_Work to complete:_
Line by line, give the data again exactly as it appears, but without pictures.

[Data segment Boundary: Start]

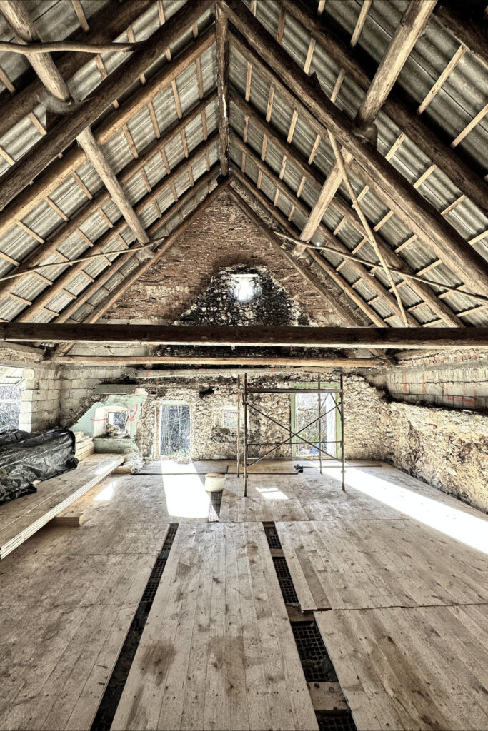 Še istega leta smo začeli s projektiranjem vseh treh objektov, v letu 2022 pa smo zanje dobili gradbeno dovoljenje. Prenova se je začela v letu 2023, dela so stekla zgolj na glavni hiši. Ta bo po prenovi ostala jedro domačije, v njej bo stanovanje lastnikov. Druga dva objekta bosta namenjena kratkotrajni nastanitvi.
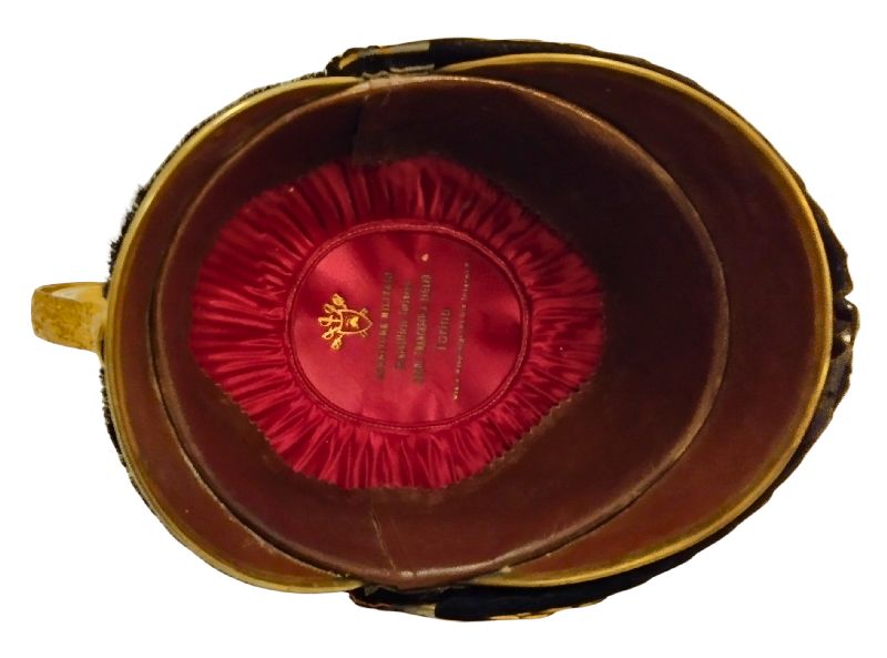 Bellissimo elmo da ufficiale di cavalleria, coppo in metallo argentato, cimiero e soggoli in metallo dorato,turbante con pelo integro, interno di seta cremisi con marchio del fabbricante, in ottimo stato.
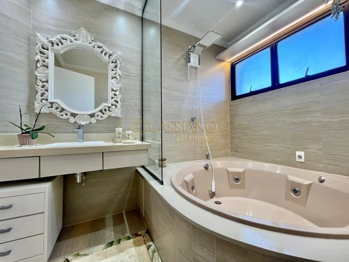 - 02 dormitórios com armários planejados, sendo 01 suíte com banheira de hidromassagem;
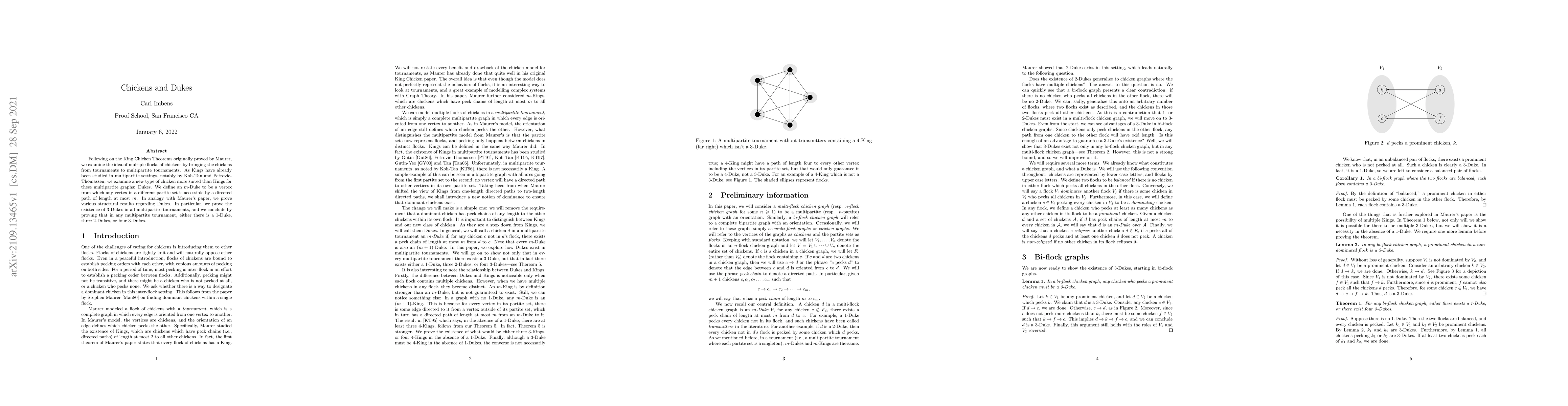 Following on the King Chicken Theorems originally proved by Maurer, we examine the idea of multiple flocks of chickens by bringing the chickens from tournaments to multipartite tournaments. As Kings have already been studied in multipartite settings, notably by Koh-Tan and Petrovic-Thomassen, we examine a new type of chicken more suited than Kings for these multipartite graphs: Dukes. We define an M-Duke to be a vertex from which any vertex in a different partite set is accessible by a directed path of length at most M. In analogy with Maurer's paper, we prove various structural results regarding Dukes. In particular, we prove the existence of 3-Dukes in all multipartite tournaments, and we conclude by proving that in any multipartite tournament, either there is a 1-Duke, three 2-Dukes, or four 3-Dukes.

[Data segment Boundary: End]

_Result of the exercise:_
 Še istega leta smo začeli s projektiranjem vseh treh objektov, v letu 2022 pa smo zanje dobili gradbeno dovoljenje. Prenova se je začela v letu 2023, dela so stekla zgolj na glavni hiši. Ta bo po prenovi ostala jedro domačije, v njej bo stanovanje lastnikov. Druga dva objekta bosta namenjena kratkotrajni nastanitvi.
 Bellissimo elmo da ufficiale di cavalleria, coppo in metallo argentato, cimiero e soggoli in metallo dorato,turbante con pelo integro, interno di seta cremisi con marchio del fabbricante, in ottimo stato.
 - 02 dormitórios com armários planejados, sendo 01 suíte com banheira de hidromassagem;
 Following on the King Chicken Theorems originally proved by Maurer, we examine the idea of multiple flocks of chickens by bringing the chickens from tournaments to multipartite tournaments. As Kings have already been studied in multipartite settings, notably by Koh-Tan and Petrovic-Thomassen, we examine a new type of chicken more suited than Kings for these multipartite graphs: Dukes. We define an M-Duke to be a vertex from which any vertex in a different partite set is accessible by a directed path of length at most M. In analogy with Maurer's paper, we prove various structural results regarding Dukes. In particular, we prove the existence of 3-Dukes in all multipartite tournaments, and we conclude by proving that in any multipartite tournament, either there is a 1-Duke, three 2-Dukes, or four 3-Dukes.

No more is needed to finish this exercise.